▶ Task description
In the entries that follow, the line with "Oltre al bel" opens the range and the line with "- В верхнем" closes it; repeat that range exactly, both lines included.

▶ Records supplied
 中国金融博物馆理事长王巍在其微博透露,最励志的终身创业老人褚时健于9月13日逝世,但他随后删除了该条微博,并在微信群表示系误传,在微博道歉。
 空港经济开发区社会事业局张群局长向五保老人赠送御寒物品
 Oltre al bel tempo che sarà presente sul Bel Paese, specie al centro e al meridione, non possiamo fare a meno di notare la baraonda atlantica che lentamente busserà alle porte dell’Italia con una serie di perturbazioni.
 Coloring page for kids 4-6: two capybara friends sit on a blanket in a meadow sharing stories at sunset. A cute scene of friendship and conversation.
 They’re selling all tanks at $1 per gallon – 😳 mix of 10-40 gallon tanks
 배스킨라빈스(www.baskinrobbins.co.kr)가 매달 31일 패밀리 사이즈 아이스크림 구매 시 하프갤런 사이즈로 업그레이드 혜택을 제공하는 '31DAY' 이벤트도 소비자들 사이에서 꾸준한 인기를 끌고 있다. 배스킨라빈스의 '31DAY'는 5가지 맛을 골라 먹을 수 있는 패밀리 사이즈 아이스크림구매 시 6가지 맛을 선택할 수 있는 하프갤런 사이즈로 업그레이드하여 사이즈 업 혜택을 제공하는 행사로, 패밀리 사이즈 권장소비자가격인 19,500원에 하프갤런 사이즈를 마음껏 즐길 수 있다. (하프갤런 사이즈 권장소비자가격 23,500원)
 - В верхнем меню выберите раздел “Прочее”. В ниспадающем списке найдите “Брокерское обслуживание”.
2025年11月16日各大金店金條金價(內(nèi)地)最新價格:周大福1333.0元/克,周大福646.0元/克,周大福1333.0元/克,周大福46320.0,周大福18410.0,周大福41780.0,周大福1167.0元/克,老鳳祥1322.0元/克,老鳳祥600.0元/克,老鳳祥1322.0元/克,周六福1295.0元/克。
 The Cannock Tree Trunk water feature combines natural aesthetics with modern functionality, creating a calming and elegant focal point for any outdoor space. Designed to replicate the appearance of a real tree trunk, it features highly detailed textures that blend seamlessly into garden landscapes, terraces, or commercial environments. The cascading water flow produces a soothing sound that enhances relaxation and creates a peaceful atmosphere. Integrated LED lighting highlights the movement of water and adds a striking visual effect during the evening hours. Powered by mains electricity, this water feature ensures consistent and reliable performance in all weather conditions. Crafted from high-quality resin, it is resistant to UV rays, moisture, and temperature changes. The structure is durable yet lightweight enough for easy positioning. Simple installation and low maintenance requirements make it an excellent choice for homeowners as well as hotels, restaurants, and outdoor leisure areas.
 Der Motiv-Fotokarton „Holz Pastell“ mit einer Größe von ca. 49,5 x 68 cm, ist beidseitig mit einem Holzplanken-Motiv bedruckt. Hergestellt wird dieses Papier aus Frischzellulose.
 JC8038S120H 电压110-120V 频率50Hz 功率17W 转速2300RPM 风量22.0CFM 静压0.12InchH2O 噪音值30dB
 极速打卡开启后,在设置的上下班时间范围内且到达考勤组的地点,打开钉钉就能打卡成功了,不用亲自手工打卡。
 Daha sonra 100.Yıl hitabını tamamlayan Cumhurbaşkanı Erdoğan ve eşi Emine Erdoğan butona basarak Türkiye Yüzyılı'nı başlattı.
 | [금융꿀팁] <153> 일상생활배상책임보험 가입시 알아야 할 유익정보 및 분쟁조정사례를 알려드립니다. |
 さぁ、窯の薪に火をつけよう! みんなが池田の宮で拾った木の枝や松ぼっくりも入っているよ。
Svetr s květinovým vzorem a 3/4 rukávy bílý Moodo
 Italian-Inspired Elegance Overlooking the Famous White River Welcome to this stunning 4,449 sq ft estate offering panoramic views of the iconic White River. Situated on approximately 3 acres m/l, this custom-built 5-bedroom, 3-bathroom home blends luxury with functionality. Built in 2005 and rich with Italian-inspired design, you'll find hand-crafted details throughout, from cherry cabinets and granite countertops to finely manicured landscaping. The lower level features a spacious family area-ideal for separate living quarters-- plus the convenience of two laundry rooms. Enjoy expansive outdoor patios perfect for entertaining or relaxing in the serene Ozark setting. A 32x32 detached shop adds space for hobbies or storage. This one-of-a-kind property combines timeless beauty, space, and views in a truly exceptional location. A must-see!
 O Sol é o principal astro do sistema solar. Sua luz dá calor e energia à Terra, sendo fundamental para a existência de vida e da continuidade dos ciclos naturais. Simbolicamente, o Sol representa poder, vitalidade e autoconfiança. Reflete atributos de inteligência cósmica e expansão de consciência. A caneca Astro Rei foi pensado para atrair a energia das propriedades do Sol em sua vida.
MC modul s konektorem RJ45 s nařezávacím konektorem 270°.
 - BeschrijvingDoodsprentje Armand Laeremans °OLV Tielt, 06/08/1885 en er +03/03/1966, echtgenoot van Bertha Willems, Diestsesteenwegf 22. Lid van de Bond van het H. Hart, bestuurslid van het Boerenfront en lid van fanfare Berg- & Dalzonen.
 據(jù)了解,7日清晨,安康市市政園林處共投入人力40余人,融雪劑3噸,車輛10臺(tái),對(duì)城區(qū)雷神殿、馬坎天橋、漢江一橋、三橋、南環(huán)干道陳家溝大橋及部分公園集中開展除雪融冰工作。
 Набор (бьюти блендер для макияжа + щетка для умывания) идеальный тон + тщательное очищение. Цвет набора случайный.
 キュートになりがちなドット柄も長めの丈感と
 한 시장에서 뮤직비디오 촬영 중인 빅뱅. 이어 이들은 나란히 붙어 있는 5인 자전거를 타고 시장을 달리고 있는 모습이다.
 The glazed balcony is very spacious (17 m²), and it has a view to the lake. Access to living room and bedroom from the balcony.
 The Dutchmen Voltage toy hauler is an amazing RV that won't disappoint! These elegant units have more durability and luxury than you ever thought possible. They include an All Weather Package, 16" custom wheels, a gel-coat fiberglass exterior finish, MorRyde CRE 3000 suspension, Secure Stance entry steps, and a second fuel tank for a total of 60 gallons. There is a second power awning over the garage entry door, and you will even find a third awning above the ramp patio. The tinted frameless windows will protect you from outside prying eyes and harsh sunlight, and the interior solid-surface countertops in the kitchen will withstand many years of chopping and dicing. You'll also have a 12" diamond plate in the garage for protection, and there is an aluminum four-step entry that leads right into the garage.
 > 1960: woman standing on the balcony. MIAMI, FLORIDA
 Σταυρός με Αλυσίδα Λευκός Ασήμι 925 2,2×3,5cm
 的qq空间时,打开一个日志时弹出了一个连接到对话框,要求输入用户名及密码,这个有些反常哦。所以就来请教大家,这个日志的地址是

▶ Answer for the task
 Oltre al bel tempo che sarà presente sul Bel Paese, specie al centro e al meridione, non possiamo fare a meno di notare la baraonda atlantica che lentamente busserà alle porte dell’Italia con una serie di perturbazioni.
 Coloring page for kids 4-6: two capybara friends sit on a blanket in a meadow sharing stories at sunset. A cute scene of friendship and conversation.
 They’re selling all tanks at $1 per gallon – 😳 mix of 10-40 gallon tanks
 배스킨라빈스(www.baskinrobbins.co.kr)가 매달 31일 패밀리 사이즈 아이스크림 구매 시 하프갤런 사이즈로 업그레이드 혜택을 제공하는 '31DAY' 이벤트도 소비자들 사이에서 꾸준한 인기를 끌고 있다. 배스킨라빈스의 '31DAY'는 5가지 맛을 골라 먹을 수 있는 패밀리 사이즈 아이스크림구매 시 6가지 맛을 선택할 수 있는 하프갤런 사이즈로 업그레이드하여 사이즈 업 혜택을 제공하는 행사로, 패밀리 사이즈 권장소비자가격인 19,500원에 하프갤런 사이즈를 마음껏 즐길 수 있다. (하프갤런 사이즈 권장소비자가격 23,500원)
 - В верхнем меню выберите раздел “Прочее”. В ниспадающем списке найдите “Брокерское обслуживание”.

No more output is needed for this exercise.